» WHAT IS EXPECTED
Below are some records; output exactly the lines from the line with "Interiör från Hälleberga" to the line with "Collettore di distribuzione", both ends kept, and nothing more.

» SUPPLIED INFORMATION
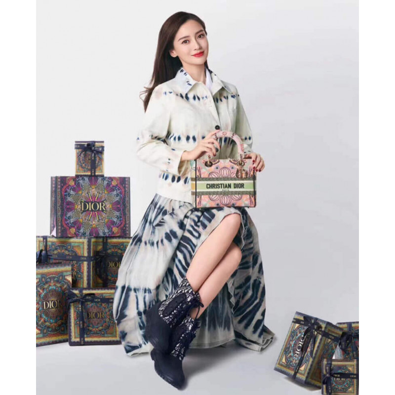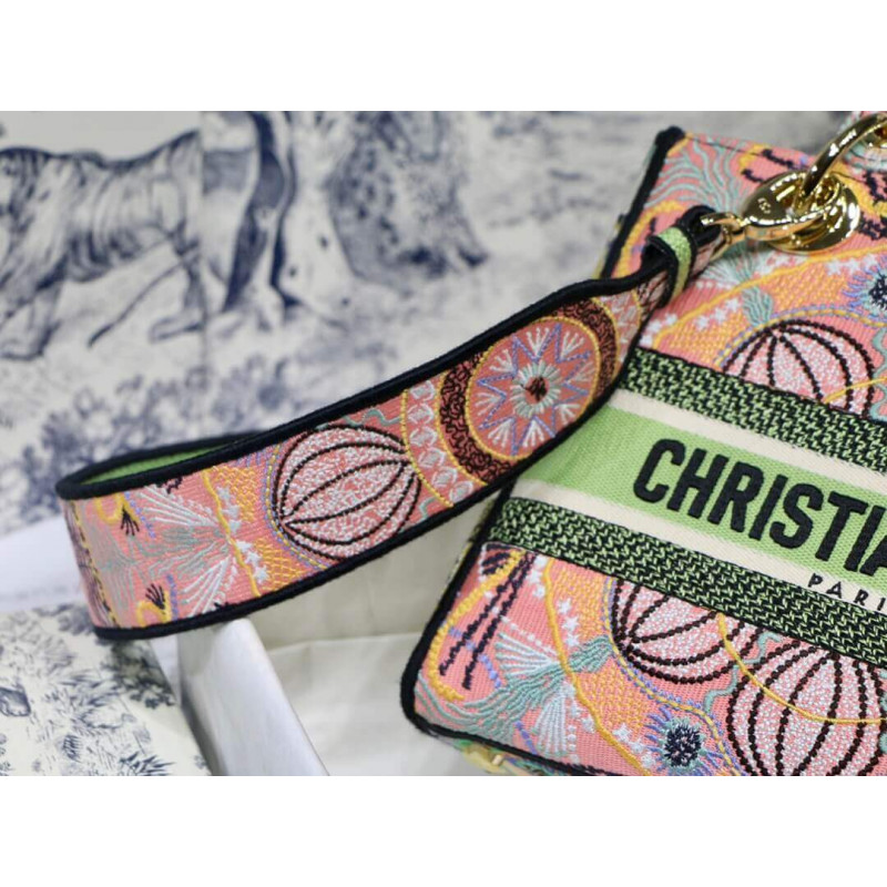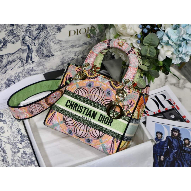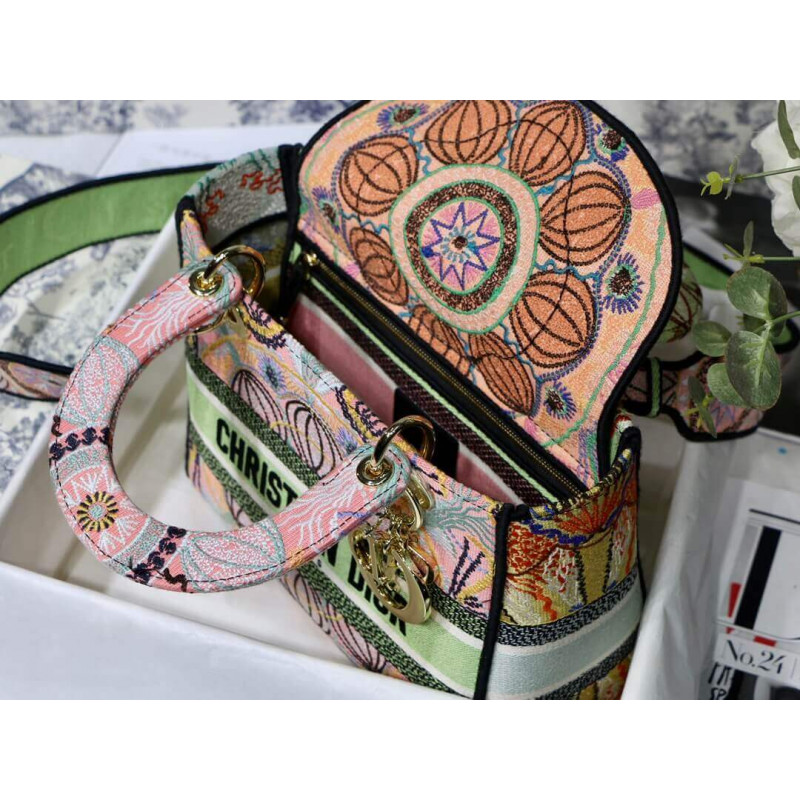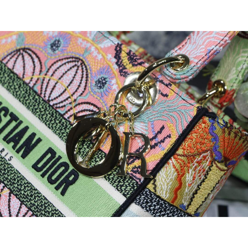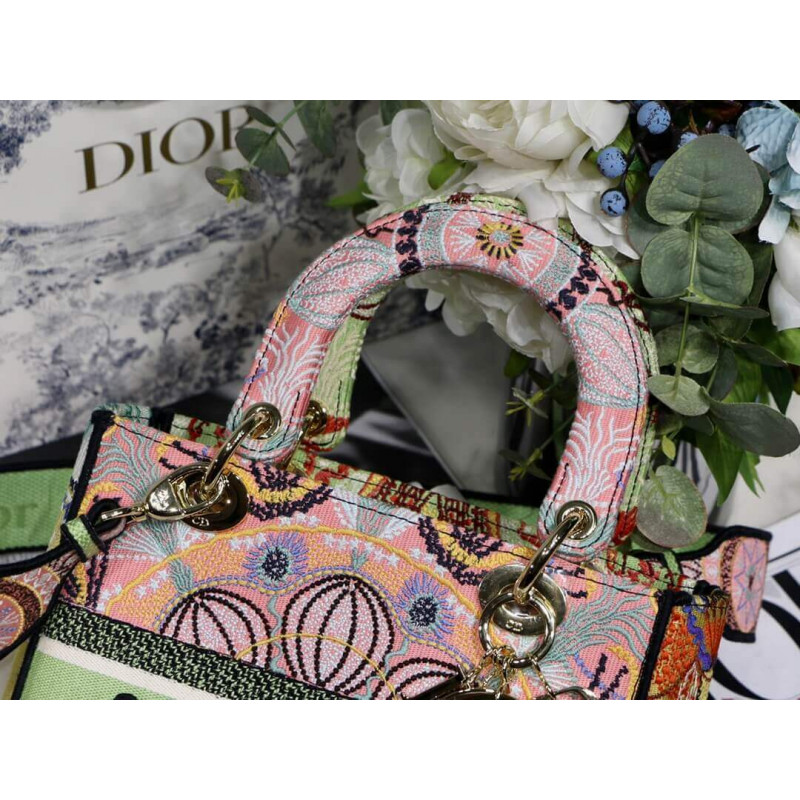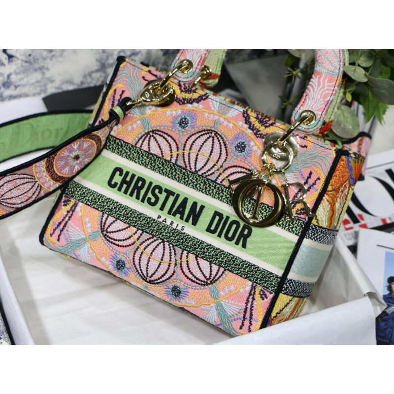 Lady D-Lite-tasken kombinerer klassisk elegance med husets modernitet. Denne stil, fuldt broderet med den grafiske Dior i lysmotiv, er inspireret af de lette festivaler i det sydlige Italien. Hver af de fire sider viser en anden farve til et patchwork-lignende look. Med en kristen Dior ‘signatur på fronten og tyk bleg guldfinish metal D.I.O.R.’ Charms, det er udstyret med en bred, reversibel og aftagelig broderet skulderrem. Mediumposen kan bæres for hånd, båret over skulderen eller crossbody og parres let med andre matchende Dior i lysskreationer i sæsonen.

---

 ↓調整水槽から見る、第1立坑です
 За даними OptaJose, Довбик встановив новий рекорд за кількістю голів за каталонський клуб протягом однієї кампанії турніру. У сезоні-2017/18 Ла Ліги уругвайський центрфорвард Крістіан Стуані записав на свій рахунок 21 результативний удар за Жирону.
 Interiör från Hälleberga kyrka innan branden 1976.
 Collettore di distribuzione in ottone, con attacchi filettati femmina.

--

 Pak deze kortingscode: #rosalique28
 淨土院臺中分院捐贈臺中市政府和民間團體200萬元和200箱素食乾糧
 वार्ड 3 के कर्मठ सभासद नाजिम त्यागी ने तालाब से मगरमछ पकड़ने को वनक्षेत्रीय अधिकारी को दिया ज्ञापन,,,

» TASK RESPONSE
 Interiör från Hälleberga kyrka innan branden 1976.
 Collettore di distribuzione in ottone, con attacchi filettati femmina.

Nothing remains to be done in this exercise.